In this paper we report experiments with pre-play communication in a 2´2 coordination game with conflicting risk-dominant and payoff-dominant equilibria. We examine whether players condition their choices on the messages received. We find that most players do condition, and do so in an intuitive way, announcing an intention to play the payoff-dominant action, and choosing the payoff-dominant action if the opponent expresses the same intention. However, a significant minority of players misrepresent their intentions, and in sessions where these players appear, communication does not always lead to the payoff-dominant equilibrium. We also compare one-way and two-way communication technologies, finding no significant difference, and we compare our results with existing results.

 

Valuation of Health Benefits Associated with Reductions in Air Pollution: Final Report, (with Susan Chilton, Judith Covey, Michael Jones-Lee and Hugh Metcalf), Department for Environment, Food and Rural Affairs, (2004).

 

The report describes a willingness to pay (WTP) study designed a) to generate empirical estimates of how much people in the UK are willing to pay for reductions in the health risks associated with air pollution, and b) to determine the direction and magnitude of any functional relationships which may exist between WTP bids and potential explanatory factors (e.g. age, income, perceived risk, expected quality of life).
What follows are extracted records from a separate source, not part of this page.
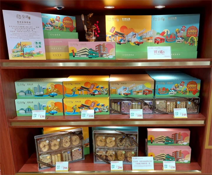 吃完午饭我们步行5分钟到太子道西MOKO一楼「香港皇玥」买手信,在香港随处可见皇玥门店,他们家除了流心月饼出名之外,饼食类也很优秀哦!蝴蝶酥系列和脆条系列我很喜欢,一进门皇玥香港故事系列映入眼帘,多巴胺颜色和手绘香港代表性建筑真的很精致,这个系列也包含他们的断货王原味蝴蝶酥和伯爵茶蝴蝶酥,以及我最喜欢的脆条,精装脆条礼盒包含杏仁和榛子2个口味,入口淡淡的坚果香和榛子酱的清香,也能吃到粒粒分明的杏仁碎和榛子碎!
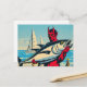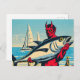 AI generated art of a red devil in a retro style of art holding up a giant tuna fish on the beach with sailboats in the background
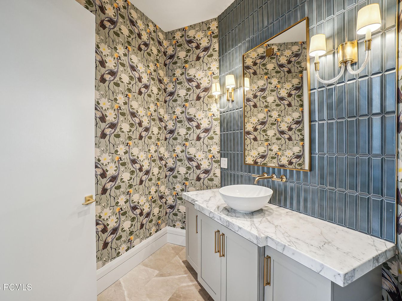 This powder room features a striking blend of patterns and textures with a focus on the vanity area. The walls are adorned with a lively wallpaper depicting cranes and white flowers set against a neutral beige background, adding an artistic and nature-inspired touch. The wall behind the vanity contrasts beautifully with vertical, glossy blue-gray tiles that bring a modern geometric dimension. A large, gold-framed mirror enhances the space’s depth and reflects the wallpaper’s design. The white countertop, crafted from marble with subtle gray veins, supports a sleek vessel sink and a wall-mounted brass faucet. Soft lighting comes from two double-arm sconces with white shades, complementing the brass fixtures and cabinetry hardware. The floor features warm stone tiles in a beige hue, grounding the vibrant and elegant aesthetic of this intimate space.
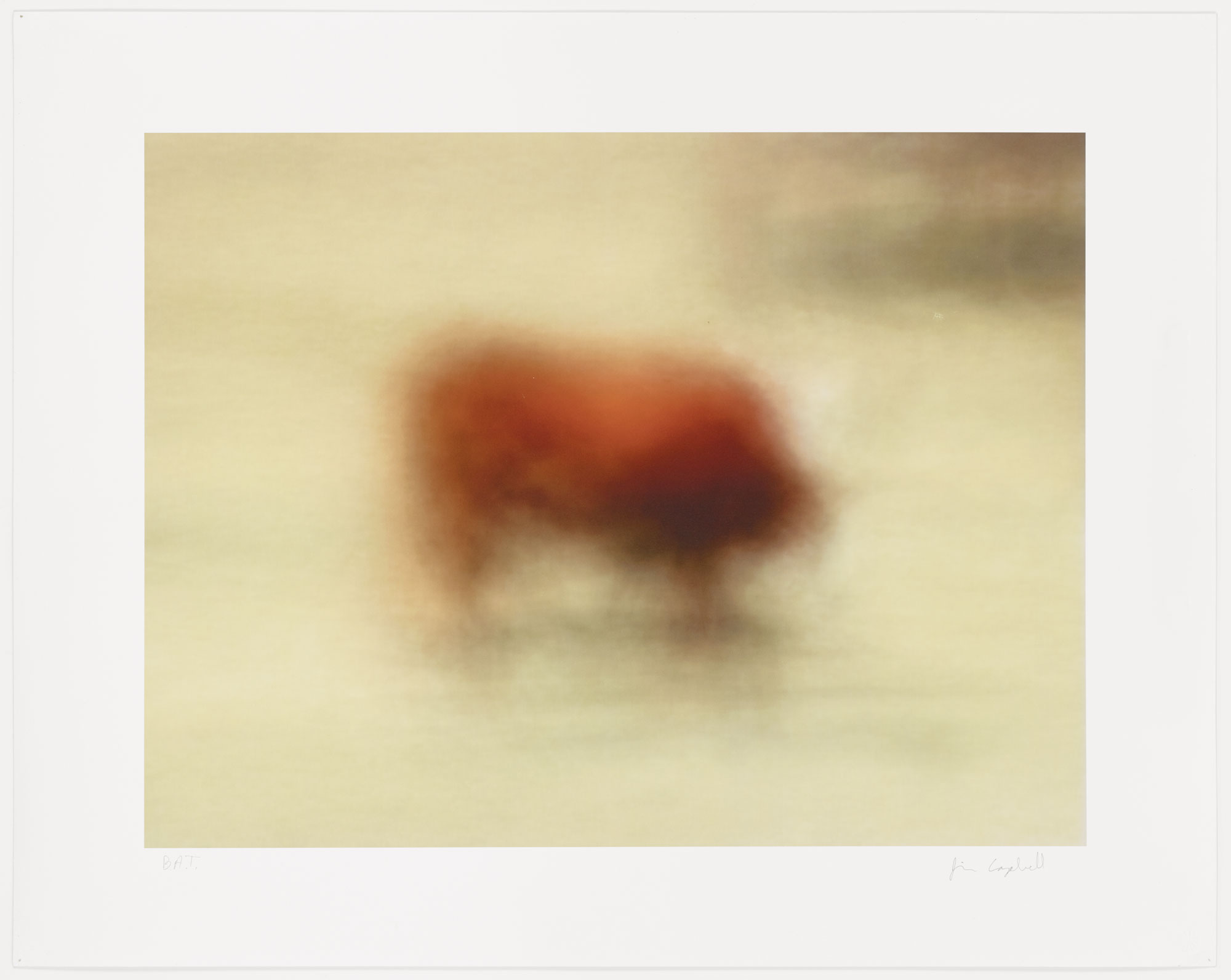 Dynamism is a suite of four digital inkjet prints. The artist videotaped movement (his motion) of each object for a specific period of time, then used custom hardware to average the multiple frames into one single image. The result is a blurring effect that gives the appearance of motion. For Dynamism of an Automobile (after Luigi Russolo) the artist averaged two minutes of video taken traveling down the freeway, Dynamism of a Cyclist (after Umberto Boccioni) was averaged over two minutes and thirty seconds, Dynamism of a Cow was averaged over three minutes and Dynamism of an Observer in the Weeds was averaged over 93 minutes. The images were printed with archival inks on cotton rag paper made specifically for Epson inks.
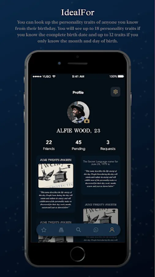 IdealFor, a rebranded app based on the popular Secret Language of Birthdays, is your go-to guide for understanding personalities through a blend of psychology, history, numerology, tarot, and astrology. By simply knowing the dates of birth, gain profound insights about yourself, your friends, family members, and even newly-met acquaintances.
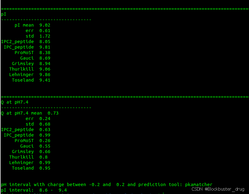 💡 优势 :不依赖单一 pKa 来源,而是集成多套参数 ,给出 pI 的不确定性估计(std/err),提升结果可靠性。
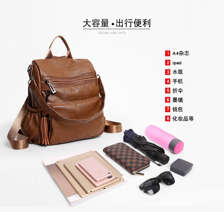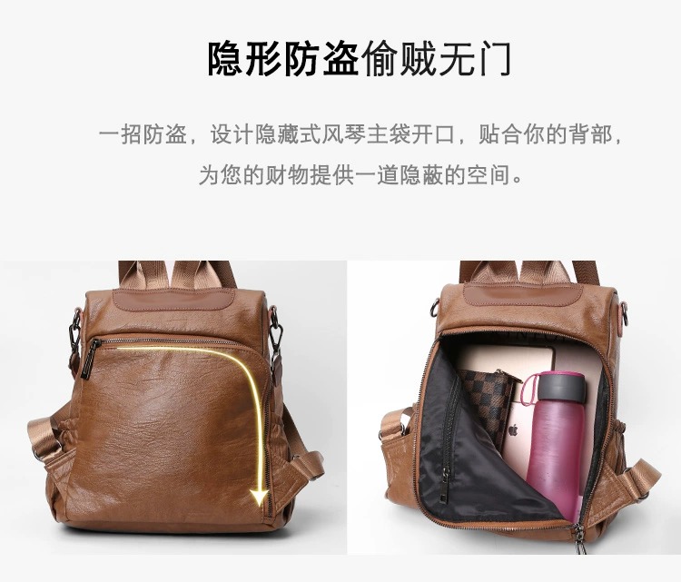 双肩包2025新款软皮防盗大容量背包休闲复古单肩两用女包

The study focused on chronic mortality, acute mortality, emergency admissions to hospital occasioned and days of breathing discomfort caused or aggravated by raised levels of pollution. Besides the quantitative data, qualitative interviews tried to explore the thought processes underpinning the quantitative responses. The quantitative results are reported together with some consideration of possible reasons for some of the variability of the estimates obtained. Possible policy implications are discussed.